Very quickly memory corruptions start happening, and what we read back
does not equal what we wrote.

Several approaches were explored before settling on this one:

Approach 1:
Move smp_new_mmu_context_version() inside ctx_alloc_lock, and wait for
every process to complete the wrap. (Note: every CPU must WAIT before
leaving smp_new_mmu_context_version_client() until every one arrives).

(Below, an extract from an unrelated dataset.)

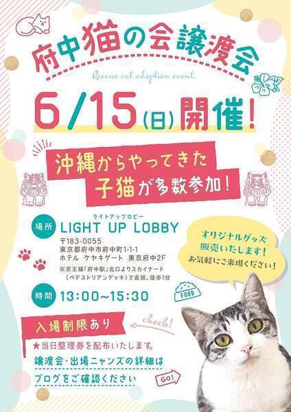 | イベント内容 | ୨୧⌒⌒⌒⌒⌒⌒⌒⌒⌒⌒⌒⌒⌒⌒⌒୨୧ 府中駅直結⭐︎譲渡会のお知らせ ୨୧⌒⌒⌒⌒⌒⌒⌒⌒⌒⌒⌒⌒⌒⌒⌒୨୧ 【 日時 】6月15日(日)13時〜15時半まで 【 場所 】LIGHT UP LOBBY (ホテル ケヤキゲート 東京府中2F) ※混雑時は、整理券を配布。ご予約は必要ありません。 https://chuneko.exblog.jp/32603337/(会場へのご案内) ※会場への直接のお問い合わせはお控えください。 ご質問は、fuchu_nekonokai@yahoo.co.jpまで こんにちは。『NPO法人府中猫の会』です。 地元のTNR活動&保護活動(野良猫を増やさない取り組みや行き場のない猫達の保護)に尽力しているボランティア団体です。 その他にも当ボランティアの取り組みとして、地方の行き場のない猫達の保護にも力をを入れております。 今まで『熊本殺処分STOPプロジェクト』を掲げて約200匹の猫達を空輸して来ました。 そして、今現在は『沖縄プロジェクト』に着手しております。現在沖縄全土(やんばる地区や離島含む)から、たくさんの子猫達を空輸して来ております。 今回の譲渡会でご紹介する子達は沖縄っ子達ばかりが参加となります。 みんな、どの子も行き場のない子達ばかりです。 一生の家族を求めて譲渡会に出場しますのでどうぞよろしくお願い申し上げます。 ◉子猫は未去勢or未避妊です(施術する時期やエリザベスカラーなしで日帰り入院できる病院など当会がアフターケアーできますのでご安心ください。) ◉子猫は半日ぐらいのお留守番が出来るように躾けてから譲渡会に出しますのでご安心ください。(トイレ訓練や家猫訓練をさせた上での譲渡となります。) ◉成猫さんは飼いやすさ抜群です!お仕事をフルタイムでお持ちのご家庭でも問題なく受け入れていただけます。 活動内容や保護猫達の様子が気になる方は、ぜひ!YouTubeちゅー猫チャンネルをご視聴ください。 ↓↓↓ ฅ^•ﻌ•^ฅ♡ちゅー猫チャンネル https://youtube.com/@chuneko 【 よくあるご質問 】 ◆猫を飼いたい。でも保護猫ってハードルが高い気がする… その点はご安心ください。出場する全ての猫達はみんな家猫訓練を受けており、トイレ訓練もパーフェクトな猫達です。 猫飼い初心者OKな猫ちゃんも多数出場します。 ◆60歳を超えているが、猫を迎えたい。 今時の60代様、70代様は、大変お若くアグレッシブでいらっしゃいます! そんな方々にはぜひ成猫さんをオススメさせていただきます。 今回出場する成猫さんは、捨てられた子達ばかりです。(多頭崩壊、飼育放棄、夜逃げによる強制執行) みんな心に傷を負っている子達を保護しております。しばらく心のケアや家猫訓練をバスした子達を出場させますので、ぜひ!会いに来てください。 ※60歳以上の方は後継人をお願いしております。後継人の方とご来場いただくと私達も選考しやすいのでよろしくお願いします。 ◆わが子の為にも保護猫を迎えたい!しかし、私達家族一同、猫を飼うのは初めてです。どうしたらいいですか? そのようなご家庭こそぜひ!お待ちしております! 猫ちゃんの魅力を知っていただきたいのと、お子様が保護猫達と一緒に育つ事により『命に優しい情操教育』となると願っている当会です。 喜んでお待ちしております。 ※猫アレルギー問題があります。初めて猫を飼う方は猫アレルギー検査を事前にしていただくと私達も選考しやすいです。 特にお子様には必ず検査をお願いします。 ◆仕事があって、お留守番をさせるのが心配… ご心配はご無用です! 今回出場する子達はみんな成猫さんなので、一日フルタイムでお仕事をお持ちのご家庭でも問題なく迎えていただける子達ばかりです。 【 譲渡会にご参加くださる方々へ 】 ₍ᐞ•༝•ᐞ₎◞ ̑̑ ◎混雑を防ぐ為、入場制限をさせていただきますが、ご予約の必要はございません。 入り口カウンターにてスタッフが整理券を配布いたしますのでご協力お願い申し上げます。 ₍ᐞ•༝•ᐞ₎◞ ̑̑ ◎初めて猫ちゃんを迎える方(特にお子様のいるご家庭)は、猫アレルギーの有無を明確にしてくださると選考しやすいです。 ₍ᐞ•༝•ᐞ₎◞ ̑̑ ◎譲渡会はお見合いのみの場となっております。 ご来場前に必ず下記の事項をご参照ください。 ▶︎譲渡会のシステムについて◀︎ https://chuneko.exblog.jp/32604872/ 【見学希望やご支援者の方々へ】 ₍ᐞ•༝•ᐞ₎◞ ̑̑ いつもありがとうございます♡ 会場には、カフェもございます。 お飲み物をご注文くださればお席にご案内いたします。(入口スタッフに一言お申し出ください。) 大変申し訳ないのですが、里親希望の方々を優先的にご案内させていただくのをご了承の上、お越し下されば幸いです。 会場では、ちゅー猫オリジナルグッズも販売しております。 普段、ネットで販売している公式グッズの現物をお手に取ってご覧いただけます。 |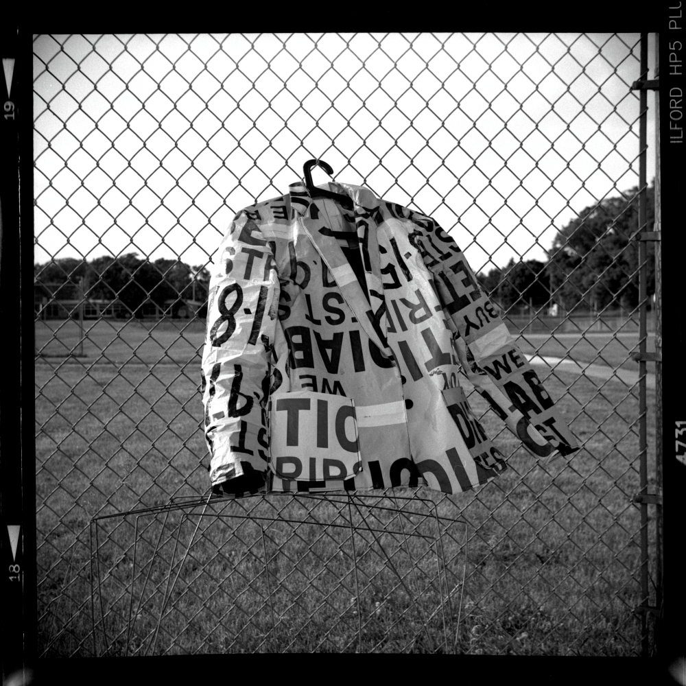 © Pauly V., Jacket, black and white film photography. Lubitel 2 camera, Ilford HP5+ film (pulled 2 stops) developed in caffenol. Image: A black and white photo of a coat on a hanger hanging from a wire fence. The coat is made out of the “Cash 4 Diabetic Test Strip” signs.

This approach ends up with deadlocks, as some threads own locks which other
threads are waiting for, and they never receive softint until these threads
exit smp_new_mmu_context_version_client(). Since we do not allow the exit,
deadlock happens.

Approach 2:
Handle wrap right during mondo interrupt. Use etrap/rtrap to enter into
into C code, and issue new versions to every CPU.
This approach adds some overhead to runtime: in switch_mm() we must add
some checks to make sure that versions have not changed due to wrap while
we were loading the new secondary context. (could be protected by PSTATE_IE
but that degrades performance as on M7 and older CPUs as it takes 50 cycles
for each access). Also, we still need a global per-cpu array of MMs to know
where we need to load new contexts, otherwise we can change context to a
thread that is going way (if we received mondo between switch_mm() and
switch_to() time). Finally, there are some issues with window registers in
rtrap() when context IDs are changed during CPU mondo time.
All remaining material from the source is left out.